Easing interest rates could boost investment in rate-sensitive sectors, but it will not have much of an impact on investment in other sectors, such as power. "A lot will also depend on the dynamics of the global economy," says Samiran Chakraborty, Regional Head of Research, Standard Chartered Bank.

Investment growth was in double digits in the five years before the 2008 crisis, when GDP growth was over nine per cent for three consecutive years. But since 2010, investments have been adversely affected by a combination of rising interest rates and policy problems. During the Tenth Plan, total investment in the power sector was $60 billion. In the Eleventh Plan, it is expected to be around $133 billion, most of it from the first three years.

Pulok Chatterji, Principal Secretary in the Prime Minister's office, has now been tasked with finding ways to get things moving again. "Interest rates coming down will not help much unless the fuel supply situation improves," says Subba Rao Amarthaluru, Chief Financial Officer of GMR, one of the largest infrastructure groups in the country. In the short term, that is unlikely to happen.

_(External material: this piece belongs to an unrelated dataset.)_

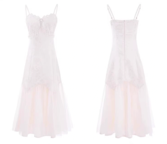 French lady high-end sling dress rich daughter jacquard mesh splicing temperament dress R0416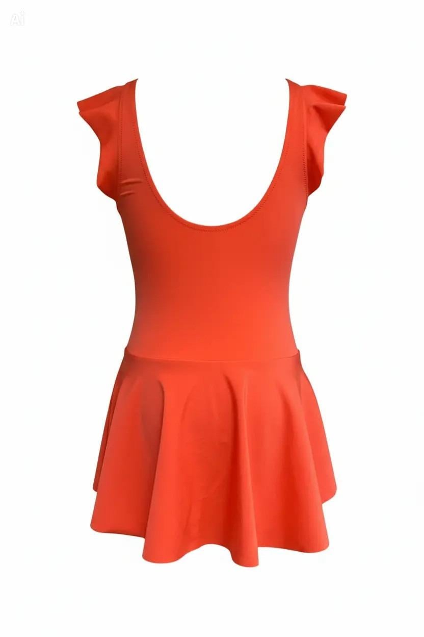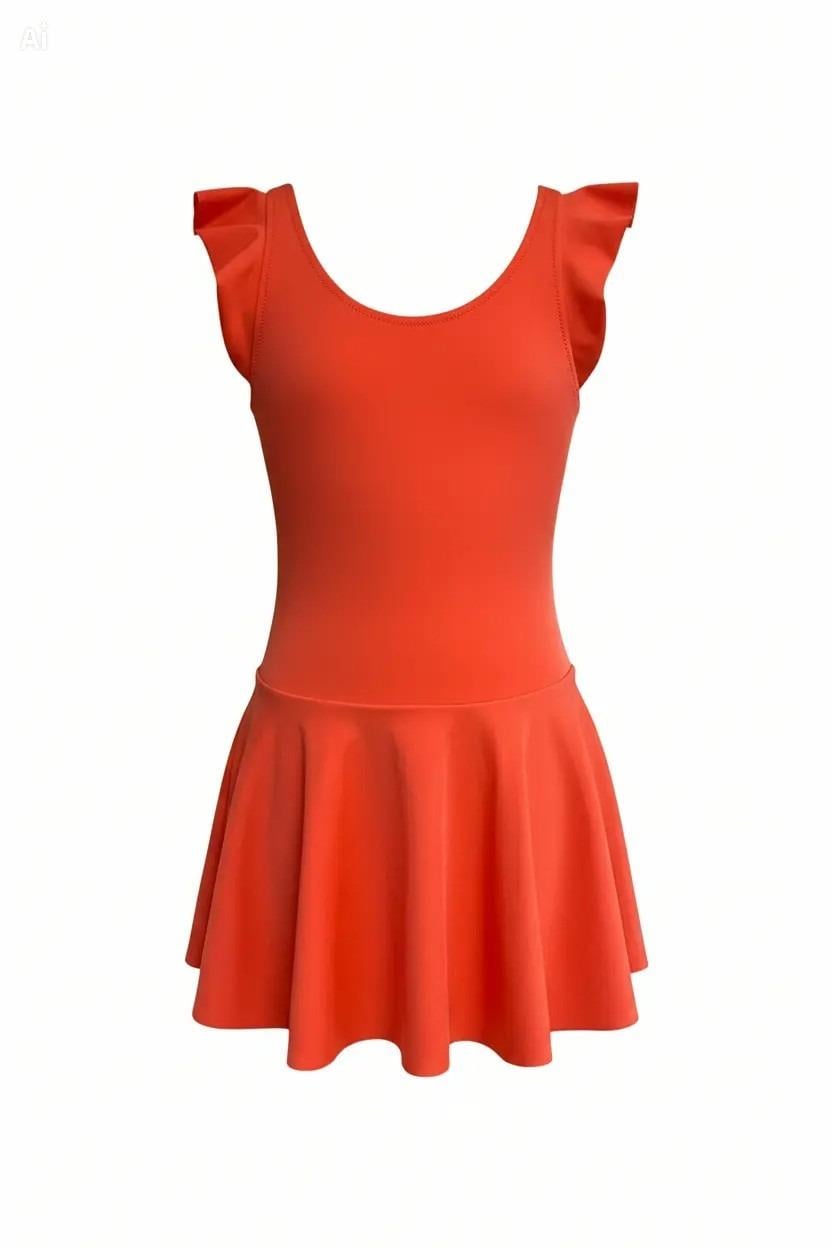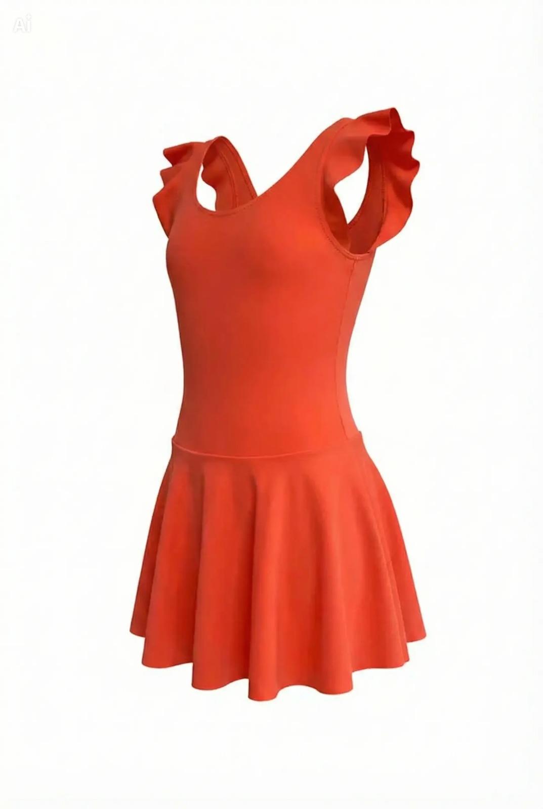 Endeep Kız Çocuk Fırfır Detaylı Turuncu Etekli Elbise Mayo (EP218422)

India's oil supplies may be disrupted in the wake of the Iran crisis and prices have already started rising. Currently, India spends $106 billion on oil imports. Any increase in that bill will mean Mukherjee has less to spend elsewhere. Declines in coal and gas supply are not helping.

"Importing gas and coal is not a solution because we will not be able to sell that kind of (expensive) power in India," says Amarthaluru. And imports will also widen the fiscal deficit.

How the government manages that deficit is something investors will be looking at closely. In all likelihood it will miss its ambitious fiscal deficit target of 4.6 per cent for 2011/12 and end the year with a deficit of 5.6 per cent.

Fiscal consolidation in 2012/13 is one of the more challenging tasks facing the government, say economists. The fiscal deficit target for the year is 4.1 per cent. According to Rohini Malkani, economist with Citi, pressure points for fiscal 2012/13 include: Right to Food and the losses incurred by state electricity boards. This is likely to result in a deficit in the 5.5 to 5.8 per cent range," says Malkani.

"If there are signals that the government is not tough on fiscal consolidation, there will be adverse effects on financial markets, and therefore, on investments," says Mundle. On the revenue front, the government could look at reviving its disinvestment agenda. The 2G spectrum auction could be another bonanza. But with the current policy uncertainty, nobody is willing to hazard a guess on how that will go.

Also, a lot of potential revenue is lost through tax exemptions. A rough estimate puts this at six per cent of GDP, nearly double of India's subsidy bill. Capping tax exemptions could shave about half a percentage point from the ballooning fiscal deficit.

Expanding the service tax net by taxing all services except a few in a negative list could raise revenues and bring the deficit down by another half percentage point.

The outlook appears gloomy, but there is some positive talk. "I continue to be very optimistic about the future, because domestic demand will continue to rise," says Yashwant Sinha, a Bharatiya Janata Party leader and former finance minister.

Prathap Reddy, who runs the Apollo Group, a large hospital chain, is also hopeful. "It is encouraging that the prime minister has committed to address issues like power shortage. We might not jump to nine per cent growth but we will stop the decline." The Budget will go a long way in determining if the decline is actually arrested or not.